Dozens of public officials are racing to mediate a dispute between snowmobilers and neighbors over access to a major regional park in Scott County, knowing that it may all soon be moot and at best will be no more than temporary.

Two solutions emerged at a conclave on Saturday bringing together both sides. But each politely prefers a different one.

The perceived threat of walkers being ticketed for using a trail into Murphy-Hanrehan Park Reserve that they’ve used for decades led this winter to a petition drive. Scores of neighbors, primarily on the Lakeville side of the Scott/Dakota border, said it made no sense to drive miles to a different access point when they seldom see snowmobiles on the trail near their homes.

It emerged at the weekend meeting, though, that multiple levels of government forbid walkers from snowmobile trails, even if that seems to have gone unenforced more or less forever.

“How many people have been injured on these trails?” asked Rota Hart, who has led the petition drive.

“As far as we know, no one,” said parks manager Mark Themig.

“Well then,” she said, kidding, “let’s not act until a slew of people get hurt.” There was laughter and a cry of “prevention!”

Lurking behind the issue is the question of what is the countryside, and therefore open season for snowmobiles, and how suburbs gradually encroach to the point that more urban rules start to apply.

At this point, Themig said, he sees Prior Lake as “motor sports-friendly,” but closer-in Savage and Shakopee as more of a question mark.

Saturday’s 90-minute session turned out to be an object lesson in the difficulties of mixing uses on park trails amid neighborhoods, whether it’s yippy lapdogs startling statuesque horses or snowmobilers exercising their legal right to roar past peoples’ homes in the middle of the night, waking them up.

Themig did say that vigorous action is being taken — both in terms of signage and patrols — to stop the potentially destructive off-trail use of the park reserve that turned up on a tour not long ago.

The park is overseen by the Three Rivers Park District, based in Hennepin County, whose board granted Themig and his local colleagues authority to find an interim solution until the board itself can determine a permanent one later this year.

Officials acted rapidly because snowmobile use might not last much longer this year. The forecast for the next weeek or so predicts highs in the mid-30s to low-40s, and the snow could start to melt fast.

The two proposed interim solutions were labeled “Option A: Reroute snowmobile trail” and “Option B: Mixed use trail.”

Neighbors who live around Orchard Lake objected to the reroute, saying it deprived them of a loop around the park’s own Minnregs Lake that has been the prettiest part of their winter walks.

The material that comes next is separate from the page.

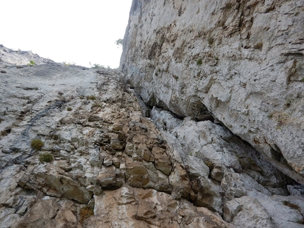 Dopo una breve perlustrazione abbiamo scelto di aprire una via sul lato destro della parete Ovest del Monte Pastello (1128 m in Val d’Adige) dove la roccia è più verticale/strapiombante ma con pochissima erba. Visto che l’idea iniziale era una via alpinistica, abbiamo mantenuto il programma ed abbiamo utilizzato soprattutto protezioni veloci e chiodi. Si è rivelata una bella mini avventura, da cui è nata questa linea in fessura, da cui il nome Pastello Crack.

The issue now goes to the Scott County parks advisory commission this week.

Neighbors spoke lyrically about the experience offered by trails so close to their homes. “I can go out the back door and into a park experience where there is solitude and quietness and hear and watch birds, and walk through the park like I’m alone in the world,” said Hart. “A pristine experience in our busy lives, with all the noise that comes at you daily, here is a quiet restful place to rejuvenate and enjoy the world.”

Neighbor Keith Dobbs said it is actually mountain bikers — rolling along faster than snowmobiles at times, only “quieter than a Prius” — who can pose the greater danger.

“Everyone irritates someone,” he said, “but I’m hoping we can get along.”

Snowmobiler Terry Hutchinson said neighbors shouldn’t blame enforcement on the enforcers but on the laws “that we all have to follow, and unfortunately the law says no non-motorized traffic on snowmobile trails, including horses, from Dec. 1 to April 1. We are taxpayers like everyone else and have the right to use public lands and parks.”

He and law enforcement officials alike urged neighbors to use a tip line — 952-440-1003 — to report any abuse. “We will chase snowmobilers right to their house,” he said.

Themig asked the crowd to “please follow the rules until we change them, OK? We will move quickly on this. The snow may go fast and the issue goes away, but the best long-term solution is still an important question.”